## AIM OF THE EXERCISE
Copy, exactly and without additions, every line in the records below from the one holding "8、測試一下,點擊按鈕,出現MSGBOX 顯示出hello world字樣。" through the one holding "i Folkets hus", both ends included.

## EXTRACTED INFORMATION
★ ★ ★ ★ ★
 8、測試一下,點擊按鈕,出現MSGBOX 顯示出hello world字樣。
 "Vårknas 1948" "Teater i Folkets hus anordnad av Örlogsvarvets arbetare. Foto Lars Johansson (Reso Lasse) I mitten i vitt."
★ ★ ★ ★ ★
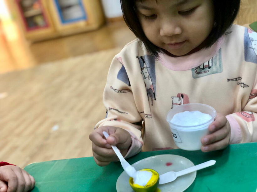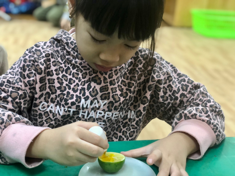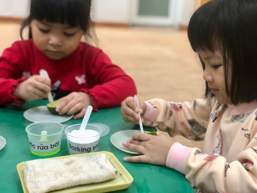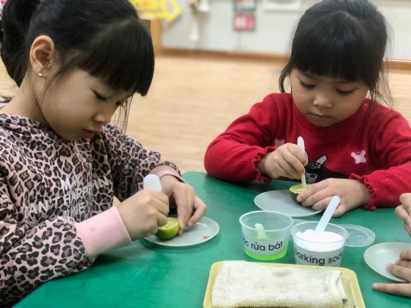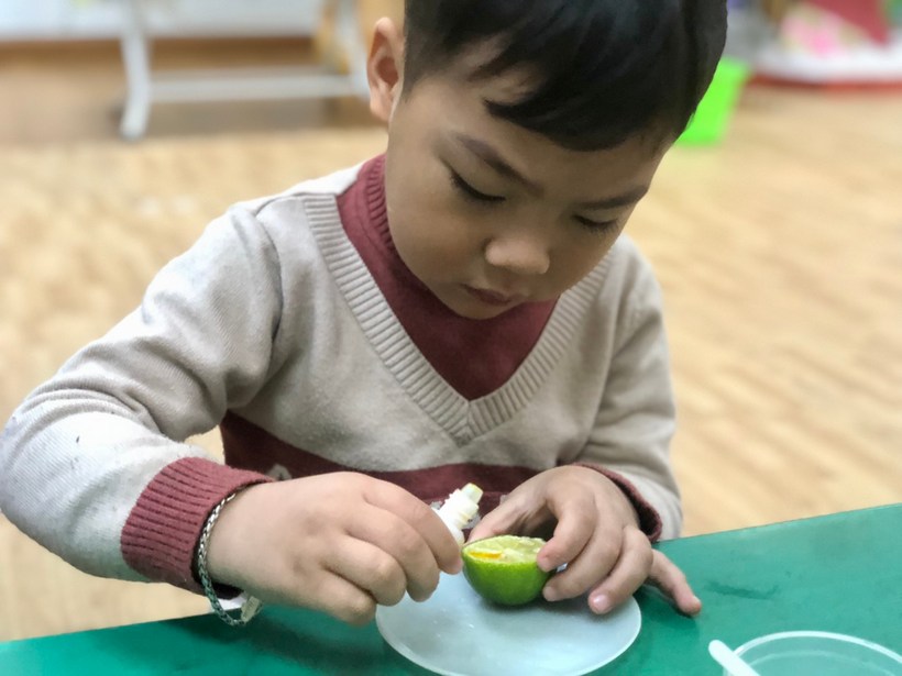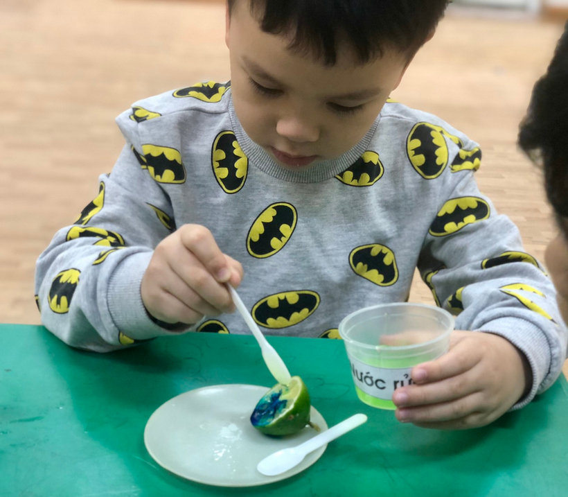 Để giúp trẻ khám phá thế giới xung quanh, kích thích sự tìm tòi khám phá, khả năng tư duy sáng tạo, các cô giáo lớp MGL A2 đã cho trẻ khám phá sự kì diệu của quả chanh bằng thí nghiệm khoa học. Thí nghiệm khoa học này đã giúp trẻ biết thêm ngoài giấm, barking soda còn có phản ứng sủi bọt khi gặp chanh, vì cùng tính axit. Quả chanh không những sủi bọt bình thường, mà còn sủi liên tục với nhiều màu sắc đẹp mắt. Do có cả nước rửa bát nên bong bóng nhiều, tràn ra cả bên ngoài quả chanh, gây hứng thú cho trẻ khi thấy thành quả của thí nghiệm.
★ ★ ★ ★ ★
## WORKED SOLUTION
 8、測試一下,點擊按鈕,出現MSGBOX 顯示出hello world字樣。
 "Vårknas 1948" "Teater i Folkets hus anordnad av Örlogsvarvets arbetare. Foto Lars Johansson (Reso Lasse) I mitten i vitt."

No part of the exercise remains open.